BEGIN Data

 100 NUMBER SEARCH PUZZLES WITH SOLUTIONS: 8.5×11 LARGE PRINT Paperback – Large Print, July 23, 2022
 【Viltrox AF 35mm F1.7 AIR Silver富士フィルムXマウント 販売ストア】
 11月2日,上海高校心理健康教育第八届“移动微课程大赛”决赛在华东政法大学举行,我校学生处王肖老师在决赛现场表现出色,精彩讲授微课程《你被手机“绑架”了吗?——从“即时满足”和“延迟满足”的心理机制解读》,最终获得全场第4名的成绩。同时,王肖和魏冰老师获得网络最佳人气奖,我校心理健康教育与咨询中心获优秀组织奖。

END Data
BEGIN Data

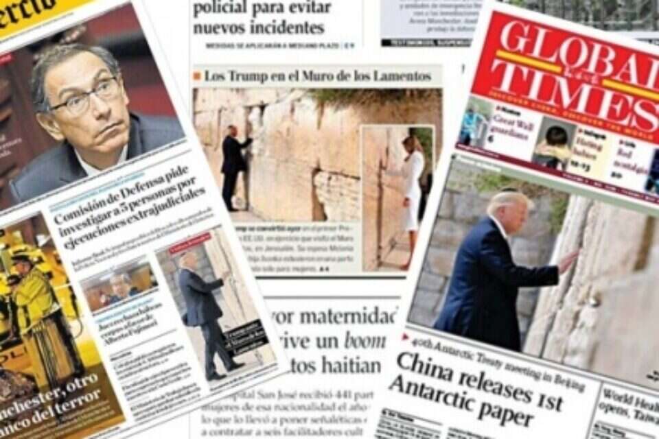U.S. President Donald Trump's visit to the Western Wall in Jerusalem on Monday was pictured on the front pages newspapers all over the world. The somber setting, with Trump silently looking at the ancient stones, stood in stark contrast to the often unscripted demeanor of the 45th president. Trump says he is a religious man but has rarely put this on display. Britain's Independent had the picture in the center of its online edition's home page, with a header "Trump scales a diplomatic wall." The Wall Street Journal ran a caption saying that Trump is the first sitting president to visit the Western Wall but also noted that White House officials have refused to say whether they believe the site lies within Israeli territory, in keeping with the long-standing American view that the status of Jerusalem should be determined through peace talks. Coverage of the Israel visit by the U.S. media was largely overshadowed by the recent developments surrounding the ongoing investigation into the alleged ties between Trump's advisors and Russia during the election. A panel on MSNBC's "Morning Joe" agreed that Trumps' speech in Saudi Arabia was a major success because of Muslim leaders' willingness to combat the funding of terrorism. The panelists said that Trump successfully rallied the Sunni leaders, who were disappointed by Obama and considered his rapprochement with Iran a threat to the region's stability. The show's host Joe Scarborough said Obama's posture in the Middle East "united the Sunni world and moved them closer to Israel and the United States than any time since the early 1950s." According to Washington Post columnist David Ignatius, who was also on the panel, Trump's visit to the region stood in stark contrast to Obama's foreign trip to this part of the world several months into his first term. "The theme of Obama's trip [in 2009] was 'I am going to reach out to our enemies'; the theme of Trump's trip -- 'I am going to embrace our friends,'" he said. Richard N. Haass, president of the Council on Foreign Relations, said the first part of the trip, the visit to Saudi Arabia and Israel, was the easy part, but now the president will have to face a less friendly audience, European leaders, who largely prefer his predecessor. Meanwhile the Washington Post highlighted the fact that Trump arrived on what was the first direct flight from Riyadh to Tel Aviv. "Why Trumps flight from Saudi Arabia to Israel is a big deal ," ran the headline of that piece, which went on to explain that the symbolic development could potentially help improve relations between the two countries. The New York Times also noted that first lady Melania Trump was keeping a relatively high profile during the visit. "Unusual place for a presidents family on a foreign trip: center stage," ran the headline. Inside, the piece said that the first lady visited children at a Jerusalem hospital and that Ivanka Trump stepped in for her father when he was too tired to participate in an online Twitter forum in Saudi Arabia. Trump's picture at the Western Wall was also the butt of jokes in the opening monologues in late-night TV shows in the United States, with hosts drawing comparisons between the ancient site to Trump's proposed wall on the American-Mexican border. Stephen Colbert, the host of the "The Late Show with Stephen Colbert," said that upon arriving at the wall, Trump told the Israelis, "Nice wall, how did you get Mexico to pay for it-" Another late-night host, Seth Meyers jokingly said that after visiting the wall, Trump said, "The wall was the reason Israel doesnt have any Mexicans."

END Data

Required work
Write down again, exactly as given, only the lines above that fall from the line with "AIR Silver富士フィルムXマウント 販売ストア】" to the line with "11月2日,上海高校心理健康", inclusive.

Response for this exercise
 【Viltrox AF 35mm F1.7 AIR Silver富士フィルムXマウント 販売ストア】
 11月2日,上海高校心理健康教育第八届“移动微课程大赛”决赛在华东政法大学举行,我校学生处王肖老师在决赛现场表现出色,精彩讲授微课程《你被手机“绑架”了吗?——从“即时满足”和“延迟满足”的心理机制解读》,最终获得全场第4名的成绩。同时,王肖和魏冰老师获得网络最佳人气奖,我校心理健康教育与咨询中心获优秀组织奖。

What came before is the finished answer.